◆ EXERCISE DESCRIPTION:
Repeat, please, exactly the lines from the one that has "Ο Εξωραϊστικός &" through the end of the records below, with pictures dropped.

◆ GIVEN DATA:
************

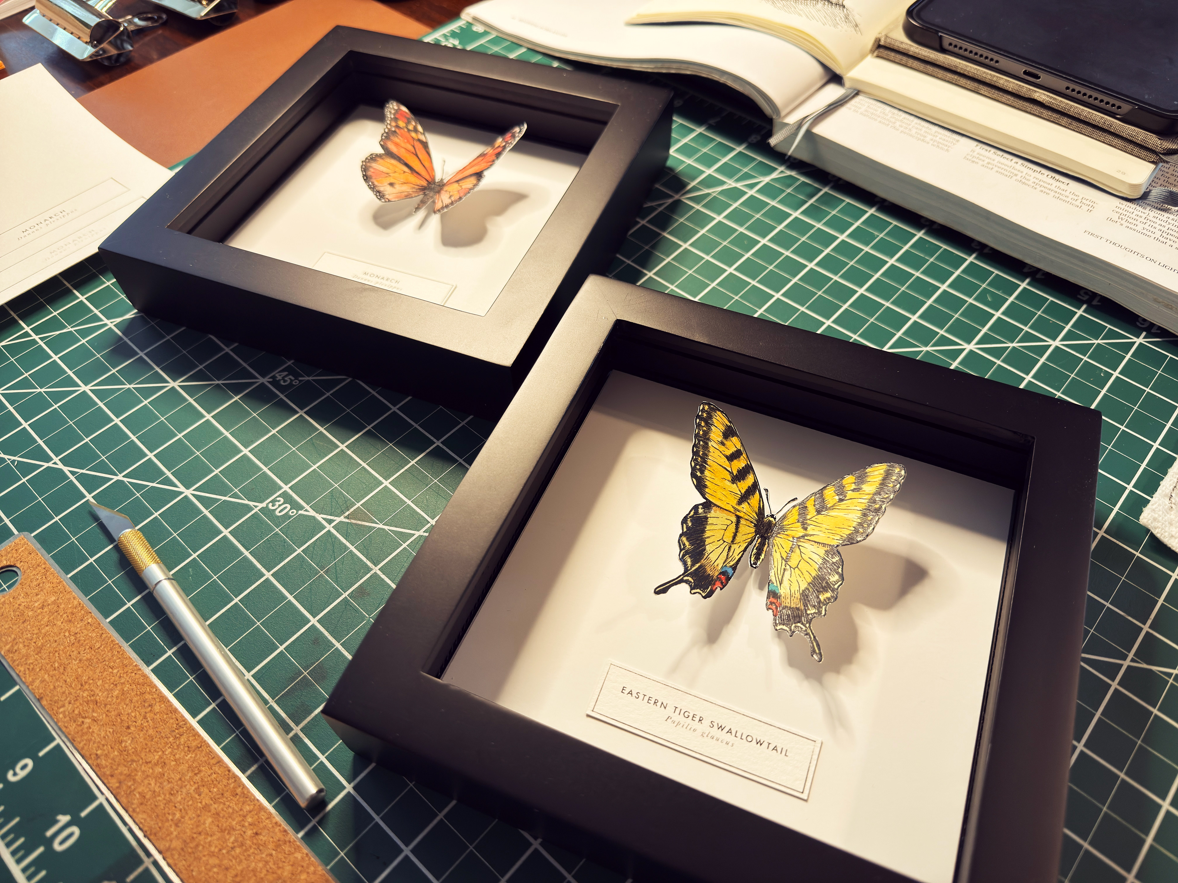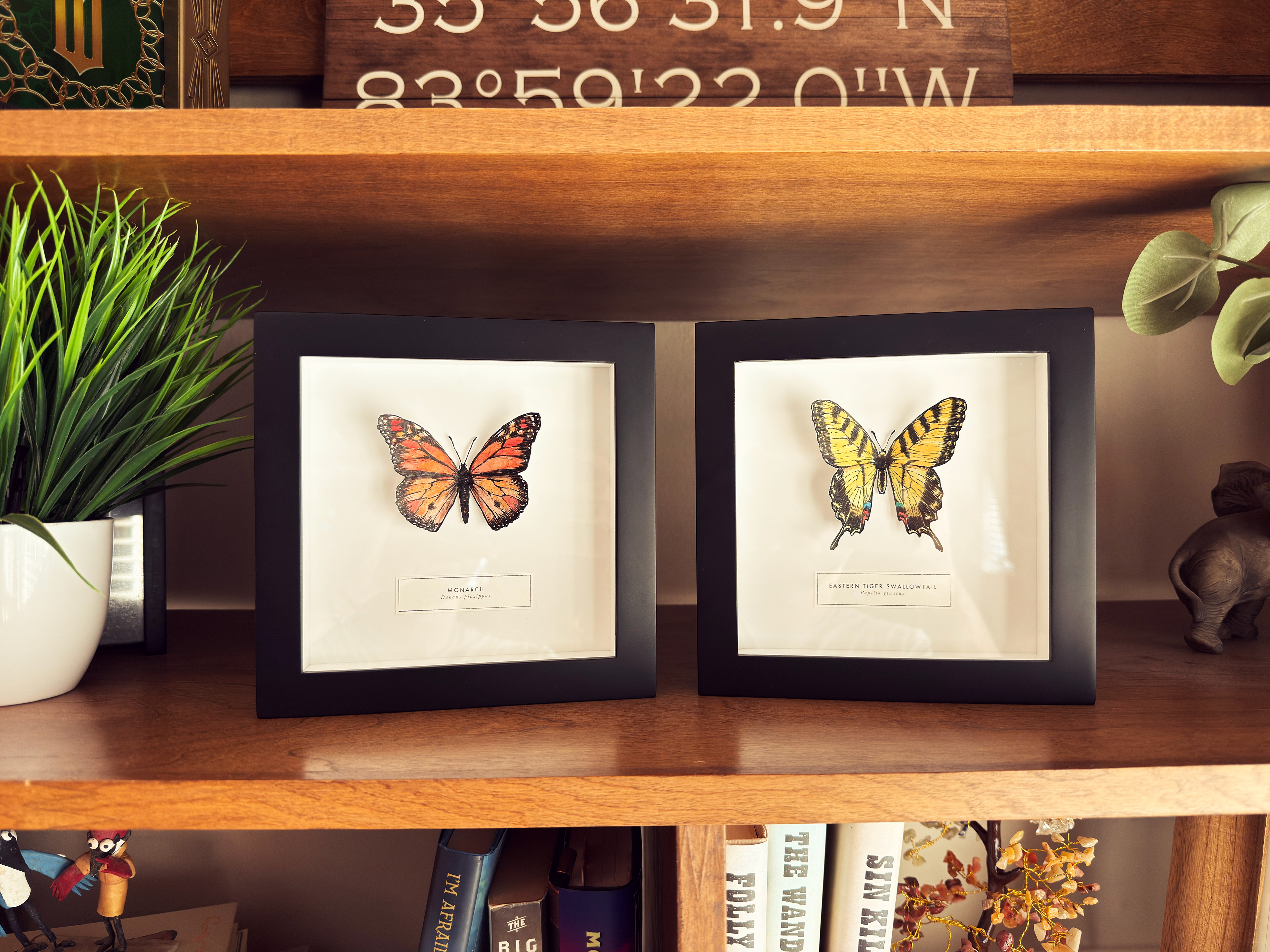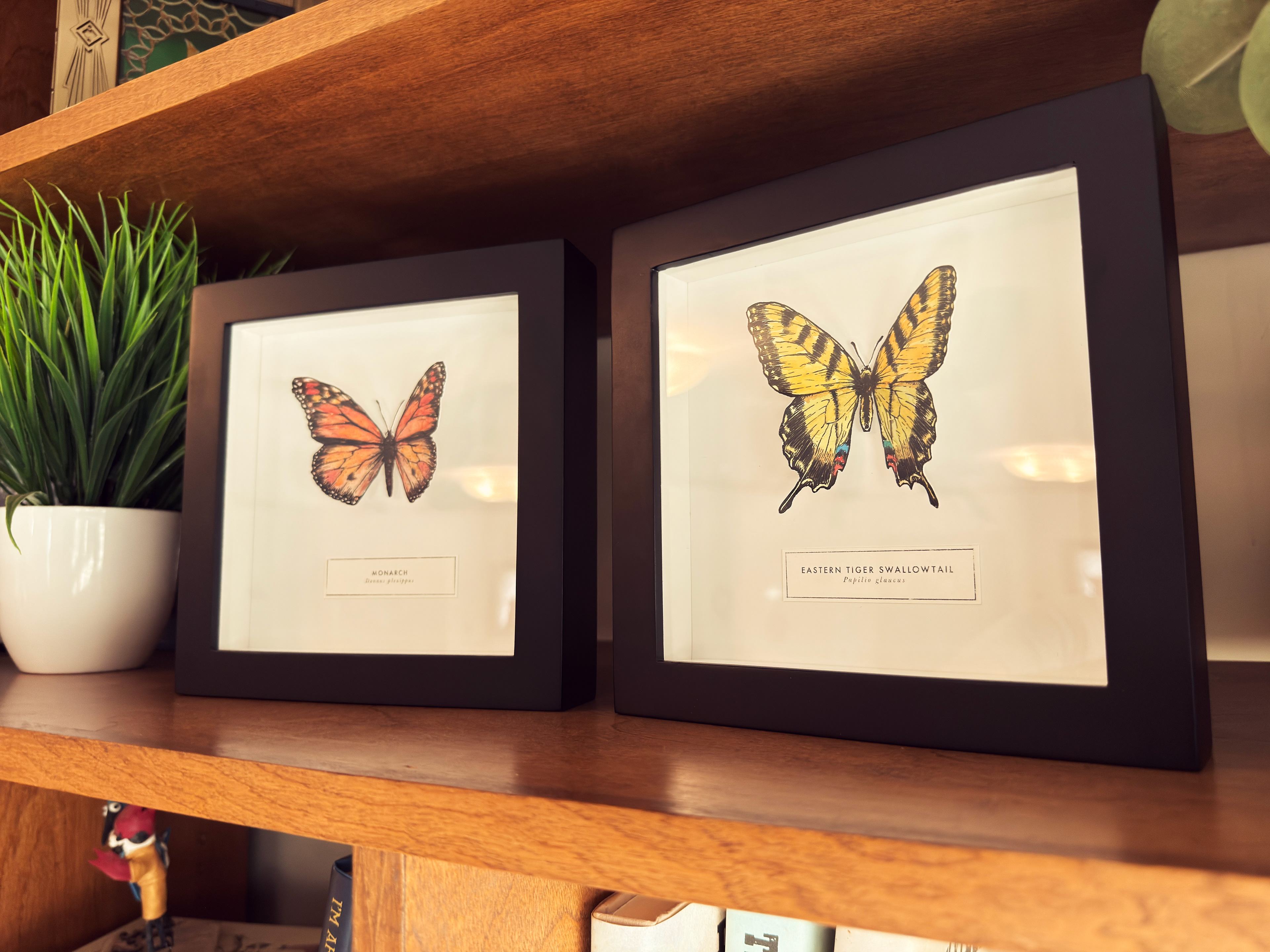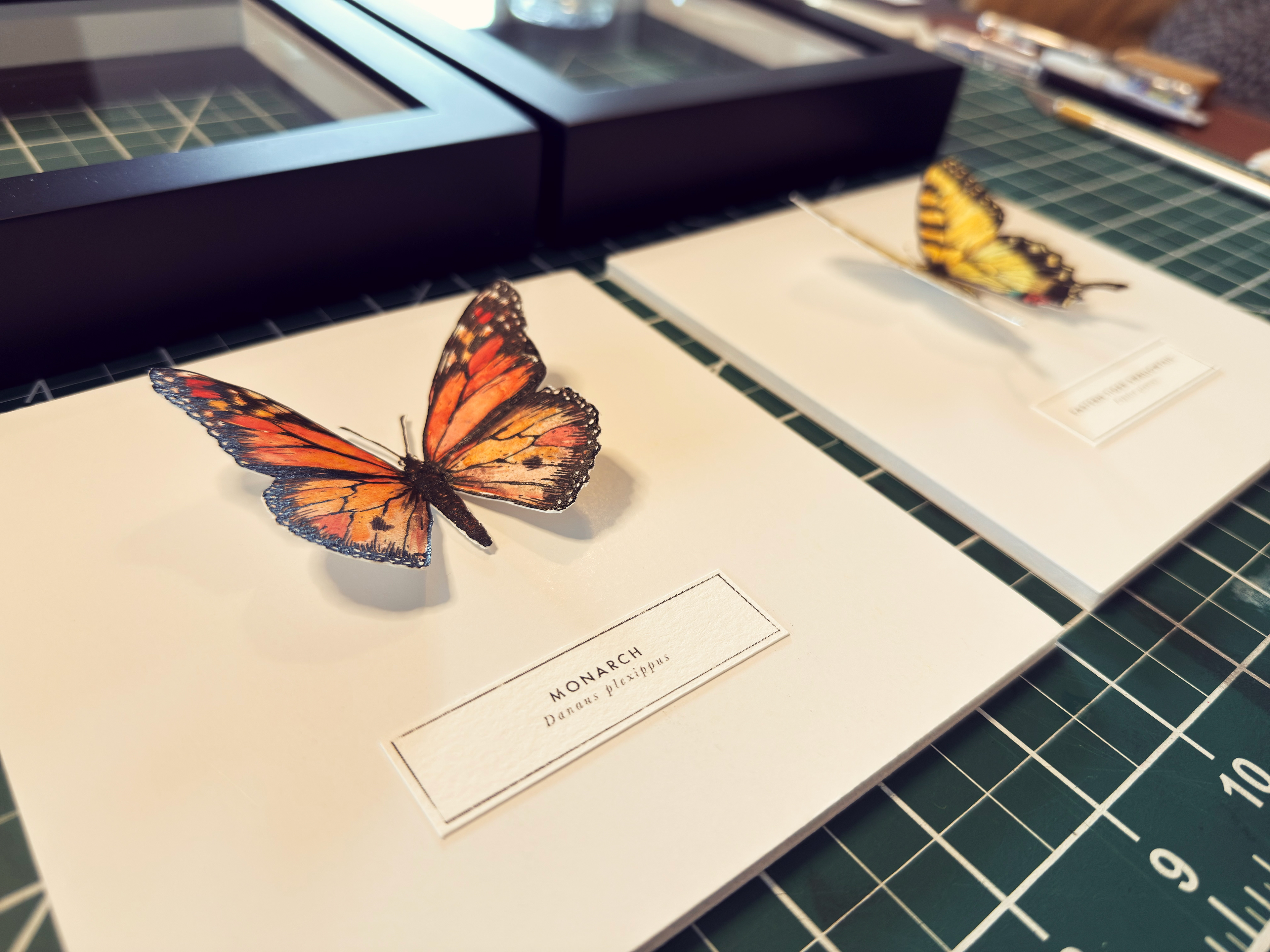 Dip pen and watercolor butterflies mounted in custom shadowboxes
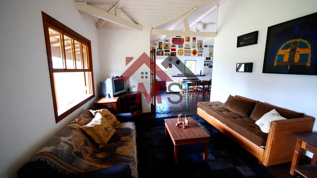 Casa sede: 3 quartos, sendo 1 suíte, 1 banheiro, sala de estar/TV, sala de jantar, cozinha, lavanderia em área coberta.
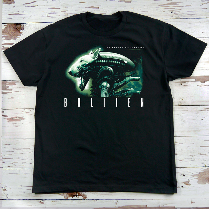 Bull Terrier jako Obcy Ósmy pasażer pewnego kosmicznego statku :) Jest rok 2012. Na planecie Thedus kończą się złoża wzbogaconej rudy. Firma PSIAKREW w nocy, podczas spaceru z Botoxem widzi jak koło Biedronki na parkingu ląduje NOSTROMO, a w nim klon Ellen Ripley oddaje się lubieżnym praktykom z Bull Terrierem, aż strach pomyśleć, co wyniknie z tego spotkania. Nadchodzi Bullien! Przenieś się do świata science fiction z przymrużeniem oka dzięki naszej unikalnej koszulce „BULLIEN”. Ten projekt to kreatywne połączenie kultowego ksenomorfa z filmu „Alien” z charakterystyczną sylwetką bulteriera. Efekt? Groźny, a zarazem zabawny motyw, który przyciąga uwagę i wywołuje uśmiech.
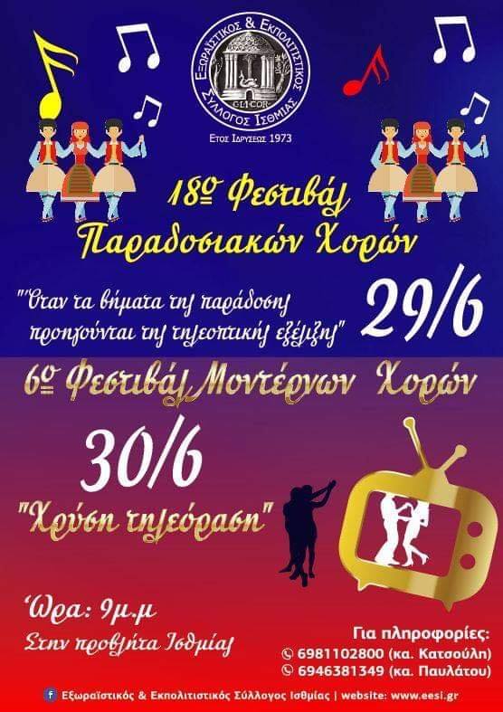 Ο Εξωραϊστικός & Εκπολιτιστικός Σύλλογος Ισθμίας ολοκλήρωσε έναν ακόμη κύκλο δραστηριοτήτων και μας προσκαλεί στις εκδηλώσεις του να τιμήσουμε την παράδοση και να απολαύσουμε μια καλοκαιρινή βραδιά!
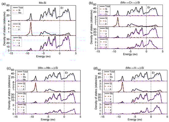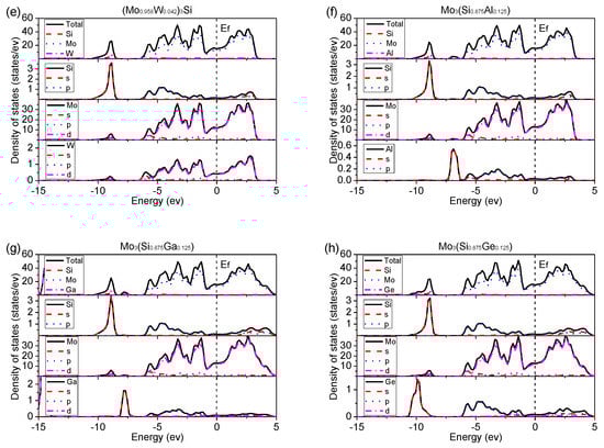 Figure 10 shows the density of states (DOS) of undoped and doped Mo3Si with alloying elements. In Figure 10a, there is no gap and non-zero DOS at the Fermi level for undoped Mo3Si, which shows its metallic behaviors. Furthermore, there is an overlap between Mo-4d and Si-3p for undoped Mo3Si. Two peaks are divided by the Femi level called the pseudogap. These phenomena suggest a strong covalent bonding between Si and Mo, consistent with the above charge results. The same situations also occur in doped Mo3Si, suggesting strong covalent bonding caused by the d-p hybridization between Mo-site atoms (Mo, Cr, Nb, V, and W) and Si-site atoms (Si, Al, Ga, and Ge).

************

◆ RESULT BELOW:
 Ο Εξωραϊστικός & Εκπολιτιστικός Σύλλογος Ισθμίας ολοκλήρωσε έναν ακόμη κύκλο δραστηριοτήτων και μας προσκαλεί στις εκδηλώσεις του να τιμήσουμε την παράδοση και να απολαύσουμε μια καλοκαιρινή βραδιά!
 Figure 10 shows the density of states (DOS) of undoped and doped Mo3Si with alloying elements. In Figure 10a, there is no gap and non-zero DOS at the Fermi level for undoped Mo3Si, which shows its metallic behaviors. Furthermore, there is an overlap between Mo-4d and Si-3p for undoped Mo3Si. Two peaks are divided by the Femi level called the pseudogap. These phenomena suggest a strong covalent bonding between Si and Mo, consistent with the above charge results. The same situations also occur in doped Mo3Si, suggesting strong covalent bonding caused by the d-p hybridization between Mo-site atoms (Mo, Cr, Nb, V, and W) and Si-site atoms (Si, Al, Ga, and Ge).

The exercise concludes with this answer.